BROOKFIELD, Conn. – Brookfield Police were sent out to take care of a sick baby fox recently, only to discover the fox in question was left in a safe spot by its mother. 

With warmer weather in the forecast, more and more residents will be enjoying the outdoors. 

Brookfield officials want to warn residents that it is great to  observe nature from a distance but approaching to make contact should be avoided.

Connecticut State Environmental Conservation Police is reminding residents, it is normal for many animals to leave their young alone for long periods of time. In all likelihood, the adult is nearby watching and waiting to return. 
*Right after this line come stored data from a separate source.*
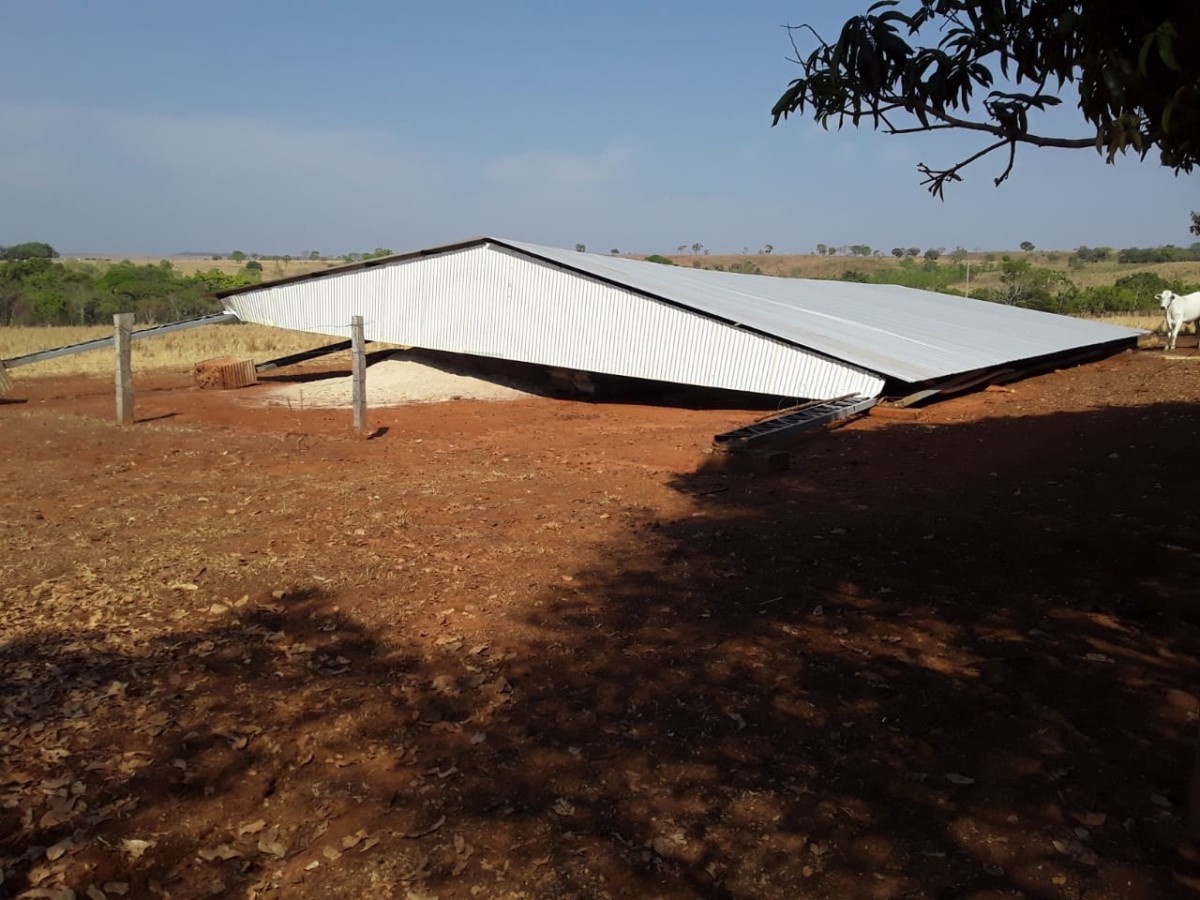 ventania destruiu barracão no interior de Água Boa
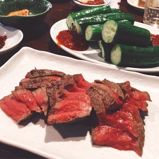 自分で焼く焼肉ではなく、店員さんがテーブルで焼いてくれる焼肉でもなく、いい具合に焼き、レアな感じが残った塊の赤身肉を、みっしりがっしりとっくり楽しむのみなのです!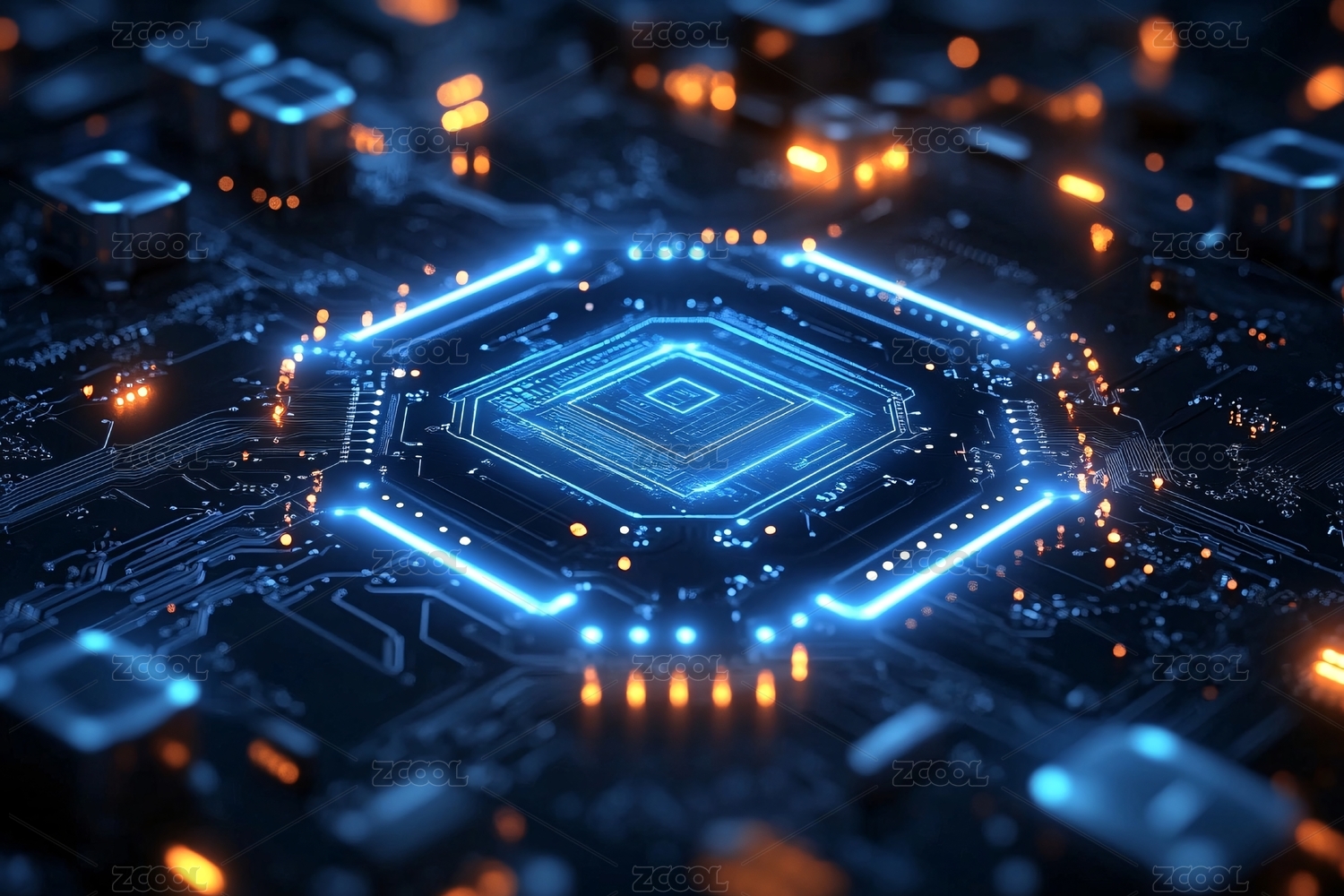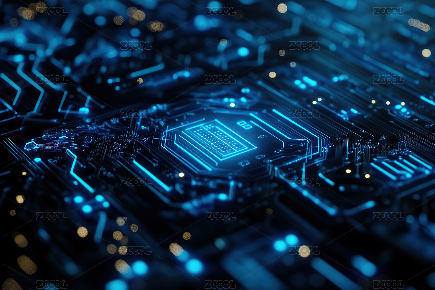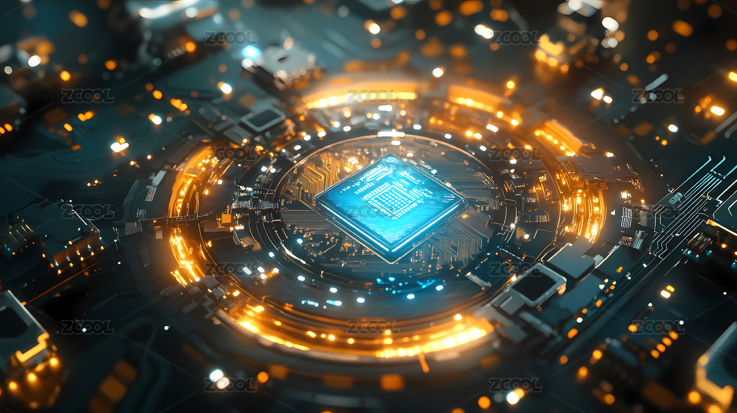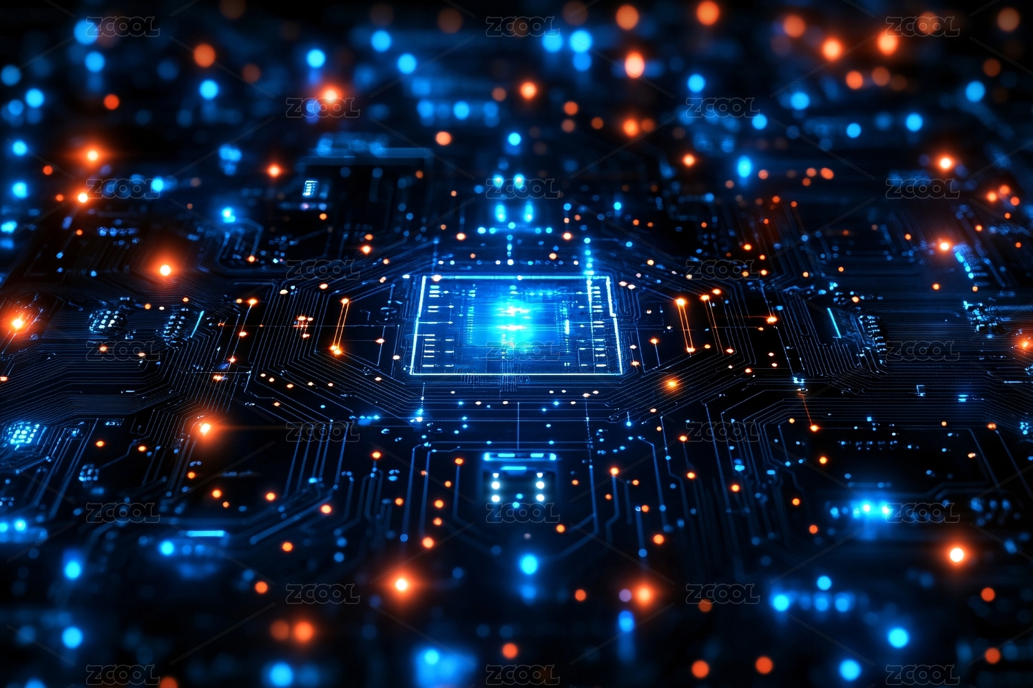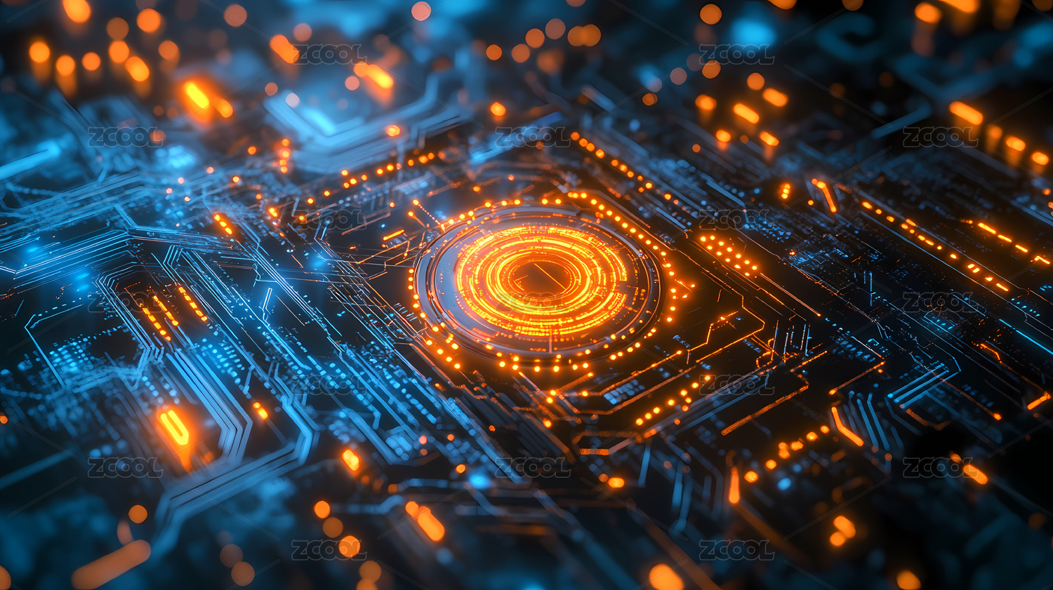 电路板特写与发光核心

White-tailed Deer: The only time a female (doe) will be found with a fawn is during feeding times. Fawns are fed three to four times a day, each feeding lasting about 15 minutes. Authorities recommend leaving fawns be for at least 48 hours.

Rabbits: Baby rabbits are one of the wild animals rescued most often, but usually do not need human help. Mother rabbits are only at the nest to feed their young twice a day for about five minutes – at dawn and dusk. Often times, rabbits nest in the middle of a backyard so they can see any predators that may be approaching while they are nursing their young. 

Birds: Many people find young birds hopping around the yard in June and July. Most of these birds are old enough to leave the nest, but are still not efficient fliers. If you find a fully feathered, young bird with a short tail that is unable to fly, it is best to leave it where it was found. 

If you find an animal that is definitely injured or orphaned, remember to:

  • Avoid direct contact;
  • Keep pets and children away;
  • Use heavy gloves to transfer the animal to a cardboard box or escape-proof container;
  • Keep the animal in a warm, quiet place;
  • Contact an authorized wildlife rehabilitator.